そして、それがより平和な世界の実現につながるのだ。」

 

という理想主義的な価値観です。

 

確かに理想としては素晴らしいかもしれません。

 

しかし、モノ、カネ、ヒトがやすやすと国境を越えて移動できるということは、それだけ凹凸(でこぼこ)のないフラットな世界ということが前提になります。

なぜなら、凸凹や違いがあれば必ずそこで物事は滞留してしまうからです。

 

その凹凸とは必ずしもビジネス的な制度や条件に限りません。

時間的、空間的、人間の心情的な凹凸というものも排除してフラット化しなくてはなりません。そういった凹凸が制度的な障害を生むからです。

 

しかし、そのような凸凹のないフラットな世界が望ましいものでしょうか?

 

例えば時間的な凹凸。

仕事で忙しかったり、暇だったりする時は誰にでもあります。いつも同じ時間が流れるわけではありません。
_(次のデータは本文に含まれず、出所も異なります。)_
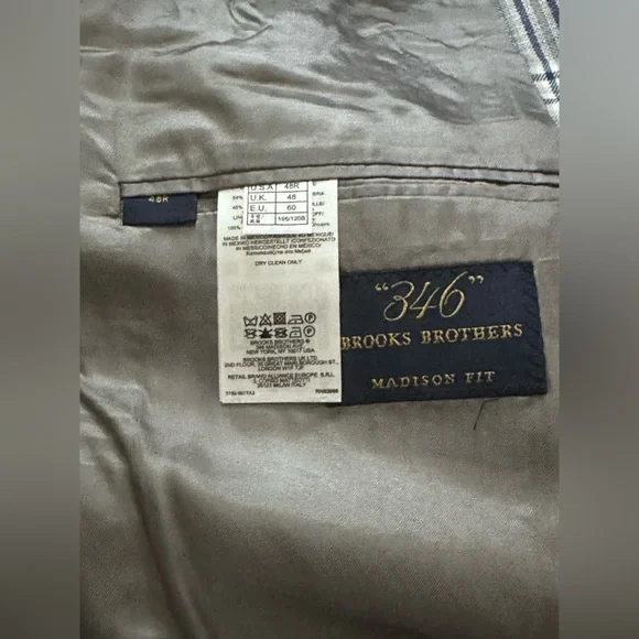 NWOT Brooks Brothers 346 Madison Fit 2-Button Multi Color Plaid Men’s Sports Coat Size 48RSize 48RMade in Mexico Up for your pleasure and consideration is a gorgeous NWOT Brooks Brothers 346 Madison Fit Multi Color Plaid Men’s Sports Coat Blazer Size 48R, Made in Mexico. Measurements inches:Left shoulder seam to right shoulder seam at top rear 20.5”Chest left armpit to the right armpit across 25”Waist width measurement at the natural waist of the jacket from left to right flat Sleeve front shoulder seam top to cuff edge on the front 25.5”Rear Length--rear bottom of collar to bottom of jacket.31.5”Please make sure that you check all of the pictures provided and ask questions whenever in doubt before you make a purchase. Wish you the best of luck and happy shopping.

でも、そういう凸凹があるからこ、人はあくせく働く一方で、一息つけた時のさりげない幸せを感じたり、自分の人生の意義を考えるのです。

 

また、空間的な凹凸・・・たとえば山があって遠くが見えなかったりするからこそ、その向こうに何があるのかを想像したり、出掛けてみたくなったりします。また、その山際の夕暮れの美しさに心を奪われる瞬間もあるでしょう。

 

そして、心情的な凹凸・・・喜怒哀楽が正にそうですが、喜びも悲しみもなく、ずっと冷静でワクワクもしない。どんなに安全でもそんな人生は果たして楽しいのでしょうか?

 

凹凸があるからこそ辛いこと、大変なこと、嫌な思いをすることもあります。

その凹凸があるからこそ人生は素晴らしいのです。

そして、そのような凹凸こそがヒト科として生まれた生き物を“人間”へと成長させるのです。

 

もし仮にその凹凸や相違を無くすことができれば、何でもやすやすと進みビジネスも上手く行くのかもしれません。ですが、そんなことはそもそも不可能です。世界をフラット化することはできません。

私達にできることはその凹凸や違いがある世界の中で、どれだけその違いを許容し、異なる文化を持つ人達が共に暮らしていくことができる道を探ることだけです。

違いを無くすことはできませんし、やるべきでもありません。

 

しかし、残念ながら、エスタブリッシュメント達はそのことを理解しようとしません。

彼らにとっては数多い投資先やビジネスモデルの一つでしかない土地や企業であっても、それがオンリーワンである人達が数多くいる。それを奪われた人達の怒りが大きなうねりとなって自分たちに跳ね返って来ている。

その一つがこの移民・難民問題であることを彼らは理解し、それに向き合うことこそがこの問題は収束するための第一歩ではないでしょうか。